Он выпучил глаза и рухнул на землю задыхаясь. Повезло ему — если бы я весил килограммов на двадцать побольше, то мог бы и убить, а так просто вывел из строя на пару минут и не более того. Ещё двое уложили своих противников и заметили, что я вырубил амбала. Зараза…
Сразу оба бойца ринулись на меня. Правда, у первого был рассечён лоб, и кровь быстрым потоком заливала ему глаза, заставляя его то и дело вытираться. А второй на пару шагов отстал от первого. Он сильно хромал — видимо, повреждено левое колено.
— Иди сюда, сопля! — гаркнул мужик с рассечением и по-деревенски размахнулся, чтобы влепить мне боковой удар.
Наивный идиот. Он мог бы попасть в меня такой размахайкой лишь в случае, если бы у меня не было опыта или я испугался. Увы, сегодня не его день.

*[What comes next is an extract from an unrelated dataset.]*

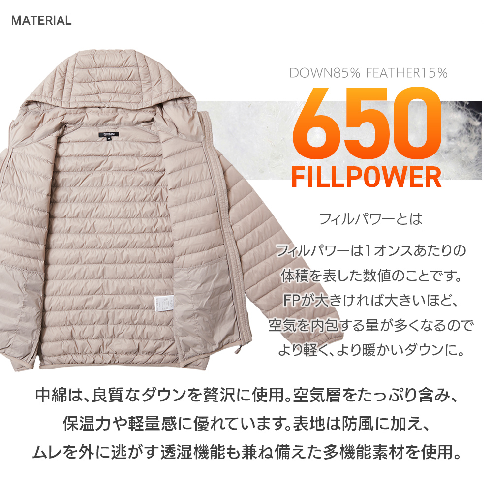 中わたは650FP(フィルパワー)のかさ高を持つ

Нырнув под руку, я ткнул ему большим пальцем в правый глаз, и пока он корчился от боли, прыгнул за спину, чтобы ударить пыром в колено хромого.

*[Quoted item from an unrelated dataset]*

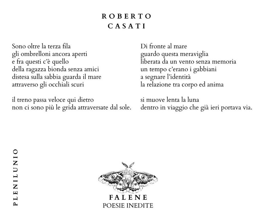 Falene Roberto Casati – PoetaPubblicato da Plenilunio in Riviste e blog · Sabato 31 Gen 2026Tags: Facebook

Хромой рухнул на землю, вскрикнув от боли. Видимо, порвал ему пару связок. А вот с рассечённым пришлось повозиться. Он очухался и побежал ко мне, молотя руками. Я нырнул под удар и снова ткнул в глаз. Секундное замешательство дало мне возможность ещё трижды пробить ему в бороду. Но он, зараза, держался на ногах, стоически принимая всё, что у меня было в арсенале.
Да уж, если бы мы дрались на палках, я бы давно его вырубил, а вот для кулачного боя моё тело было слабовато. Когда я в десятый раз ткнул ему в глаз, мужик замахал руками:
— Да идите вы на хрен с такой работой! Если ослепну, она мне и даром не нужна будет.
Потирая глаза, он протиснулся через толпу и исчез. На ногах остались только я и коренастый мужик с мощными ручищами.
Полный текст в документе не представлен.